Using the entries that follow, collect the lines where the word "quote" appears.

'''

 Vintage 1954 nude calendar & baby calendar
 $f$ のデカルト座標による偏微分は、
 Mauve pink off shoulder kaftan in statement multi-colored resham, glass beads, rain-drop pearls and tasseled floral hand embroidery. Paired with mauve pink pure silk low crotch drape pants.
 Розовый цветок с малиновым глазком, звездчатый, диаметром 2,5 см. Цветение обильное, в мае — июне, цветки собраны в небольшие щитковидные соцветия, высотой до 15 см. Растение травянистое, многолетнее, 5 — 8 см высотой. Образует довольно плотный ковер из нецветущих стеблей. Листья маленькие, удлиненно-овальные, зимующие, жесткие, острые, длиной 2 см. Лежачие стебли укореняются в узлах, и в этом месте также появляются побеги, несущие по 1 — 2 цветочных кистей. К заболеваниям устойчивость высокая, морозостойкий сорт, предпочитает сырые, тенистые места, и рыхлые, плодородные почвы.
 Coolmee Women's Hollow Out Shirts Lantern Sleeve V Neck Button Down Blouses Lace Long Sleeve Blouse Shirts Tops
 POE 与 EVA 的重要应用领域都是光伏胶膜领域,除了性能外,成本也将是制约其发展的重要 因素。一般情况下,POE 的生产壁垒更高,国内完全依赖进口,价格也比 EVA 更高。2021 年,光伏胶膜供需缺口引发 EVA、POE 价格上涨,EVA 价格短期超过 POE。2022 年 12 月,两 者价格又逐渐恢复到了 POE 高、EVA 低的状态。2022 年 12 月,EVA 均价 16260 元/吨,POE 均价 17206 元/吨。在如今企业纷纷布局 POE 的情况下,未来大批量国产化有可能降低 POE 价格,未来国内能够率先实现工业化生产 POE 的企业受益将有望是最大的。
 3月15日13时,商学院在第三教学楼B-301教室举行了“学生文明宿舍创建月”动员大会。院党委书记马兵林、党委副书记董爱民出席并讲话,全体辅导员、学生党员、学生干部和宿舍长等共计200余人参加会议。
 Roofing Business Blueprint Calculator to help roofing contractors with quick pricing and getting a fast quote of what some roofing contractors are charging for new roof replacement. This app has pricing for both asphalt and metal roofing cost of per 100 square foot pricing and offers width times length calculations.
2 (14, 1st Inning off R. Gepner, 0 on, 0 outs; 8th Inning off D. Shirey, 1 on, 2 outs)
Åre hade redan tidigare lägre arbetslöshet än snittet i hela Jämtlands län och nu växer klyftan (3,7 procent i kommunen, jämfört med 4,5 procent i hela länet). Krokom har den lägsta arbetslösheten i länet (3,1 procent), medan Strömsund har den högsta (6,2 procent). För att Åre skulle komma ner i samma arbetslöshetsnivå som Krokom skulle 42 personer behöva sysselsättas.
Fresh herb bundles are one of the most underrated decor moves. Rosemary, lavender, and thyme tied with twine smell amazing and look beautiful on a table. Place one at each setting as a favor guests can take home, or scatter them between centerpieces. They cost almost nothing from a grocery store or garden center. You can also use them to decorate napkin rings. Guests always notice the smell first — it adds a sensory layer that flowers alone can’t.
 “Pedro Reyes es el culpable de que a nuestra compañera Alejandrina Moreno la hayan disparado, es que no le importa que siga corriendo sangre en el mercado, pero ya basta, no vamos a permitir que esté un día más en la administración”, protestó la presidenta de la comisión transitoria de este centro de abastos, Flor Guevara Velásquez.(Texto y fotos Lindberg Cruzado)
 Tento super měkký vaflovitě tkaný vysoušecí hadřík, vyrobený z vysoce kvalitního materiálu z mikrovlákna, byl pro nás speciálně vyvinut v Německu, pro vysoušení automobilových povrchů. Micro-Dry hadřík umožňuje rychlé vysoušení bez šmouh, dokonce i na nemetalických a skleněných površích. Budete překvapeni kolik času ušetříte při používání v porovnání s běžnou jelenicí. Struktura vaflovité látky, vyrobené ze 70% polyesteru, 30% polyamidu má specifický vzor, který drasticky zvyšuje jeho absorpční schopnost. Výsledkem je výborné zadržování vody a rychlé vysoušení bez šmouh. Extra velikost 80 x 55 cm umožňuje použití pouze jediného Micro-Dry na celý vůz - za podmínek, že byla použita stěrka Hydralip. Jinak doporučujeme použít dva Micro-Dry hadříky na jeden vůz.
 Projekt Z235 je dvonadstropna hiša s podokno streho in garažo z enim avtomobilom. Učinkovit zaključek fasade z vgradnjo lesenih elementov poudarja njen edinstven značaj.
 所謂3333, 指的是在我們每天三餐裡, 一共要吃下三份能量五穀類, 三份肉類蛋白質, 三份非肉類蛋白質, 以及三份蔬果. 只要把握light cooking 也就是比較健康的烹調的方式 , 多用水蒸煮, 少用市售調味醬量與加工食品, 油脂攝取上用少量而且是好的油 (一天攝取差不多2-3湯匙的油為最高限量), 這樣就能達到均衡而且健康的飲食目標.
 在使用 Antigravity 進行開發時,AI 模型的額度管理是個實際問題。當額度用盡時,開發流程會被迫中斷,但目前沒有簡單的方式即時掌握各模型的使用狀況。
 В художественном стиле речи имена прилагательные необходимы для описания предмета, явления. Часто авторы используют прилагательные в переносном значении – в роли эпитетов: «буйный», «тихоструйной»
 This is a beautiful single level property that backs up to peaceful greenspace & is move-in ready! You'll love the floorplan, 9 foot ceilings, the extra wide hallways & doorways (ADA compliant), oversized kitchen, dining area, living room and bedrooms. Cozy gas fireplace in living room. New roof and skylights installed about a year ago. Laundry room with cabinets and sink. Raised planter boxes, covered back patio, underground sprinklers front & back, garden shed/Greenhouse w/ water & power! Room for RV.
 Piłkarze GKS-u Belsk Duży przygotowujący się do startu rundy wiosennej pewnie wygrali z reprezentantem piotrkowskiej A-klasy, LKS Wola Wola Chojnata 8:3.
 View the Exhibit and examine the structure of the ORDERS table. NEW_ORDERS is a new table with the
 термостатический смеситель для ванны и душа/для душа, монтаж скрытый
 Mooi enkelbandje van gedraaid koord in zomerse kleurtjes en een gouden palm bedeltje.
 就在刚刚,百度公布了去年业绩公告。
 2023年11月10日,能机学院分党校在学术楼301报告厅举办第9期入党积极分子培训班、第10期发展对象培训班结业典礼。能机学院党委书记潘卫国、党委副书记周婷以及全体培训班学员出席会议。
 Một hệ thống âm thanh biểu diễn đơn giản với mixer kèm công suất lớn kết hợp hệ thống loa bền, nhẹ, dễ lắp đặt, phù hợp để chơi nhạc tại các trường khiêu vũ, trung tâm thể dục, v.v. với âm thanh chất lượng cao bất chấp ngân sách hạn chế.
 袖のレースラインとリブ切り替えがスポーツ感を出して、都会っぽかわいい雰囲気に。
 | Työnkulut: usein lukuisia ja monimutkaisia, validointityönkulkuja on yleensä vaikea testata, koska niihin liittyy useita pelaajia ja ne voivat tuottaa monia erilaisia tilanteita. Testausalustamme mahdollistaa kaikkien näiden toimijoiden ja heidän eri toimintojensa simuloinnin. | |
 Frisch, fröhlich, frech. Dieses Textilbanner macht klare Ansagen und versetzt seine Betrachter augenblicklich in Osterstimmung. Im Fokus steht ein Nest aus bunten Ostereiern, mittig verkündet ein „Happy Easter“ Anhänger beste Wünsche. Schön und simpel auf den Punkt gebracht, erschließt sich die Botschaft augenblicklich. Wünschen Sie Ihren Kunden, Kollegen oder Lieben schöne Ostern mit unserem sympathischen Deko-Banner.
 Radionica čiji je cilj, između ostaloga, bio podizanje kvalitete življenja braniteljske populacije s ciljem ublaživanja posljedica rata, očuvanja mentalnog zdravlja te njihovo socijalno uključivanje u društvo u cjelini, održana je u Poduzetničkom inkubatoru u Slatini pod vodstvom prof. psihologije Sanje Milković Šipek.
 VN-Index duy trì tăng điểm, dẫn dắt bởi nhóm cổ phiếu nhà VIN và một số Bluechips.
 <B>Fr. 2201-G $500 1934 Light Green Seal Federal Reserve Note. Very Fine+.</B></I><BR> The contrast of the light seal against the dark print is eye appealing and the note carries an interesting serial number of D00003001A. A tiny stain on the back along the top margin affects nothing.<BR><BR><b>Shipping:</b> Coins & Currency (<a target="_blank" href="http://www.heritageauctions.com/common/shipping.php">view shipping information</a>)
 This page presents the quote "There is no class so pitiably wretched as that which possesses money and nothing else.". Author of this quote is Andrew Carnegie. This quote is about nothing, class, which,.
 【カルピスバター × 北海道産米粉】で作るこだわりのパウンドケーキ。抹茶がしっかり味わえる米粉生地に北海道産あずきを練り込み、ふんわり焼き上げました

'''

• [EXERCISE SOLUTION]
 Roofing Business Blueprint Calculator to help roofing contractors with quick pricing and getting a fast quote of what some roofing contractors are charging for new roof replacement. This app has pricing for both asphalt and metal roofing cost of per 100 square foot pricing and offers width times length calculations.
 This page presents the quote "There is no class so pitiably wretched as that which possesses money and nothing else.". Author of this quote is Andrew Carnegie. This quote is about nothing, class, which,.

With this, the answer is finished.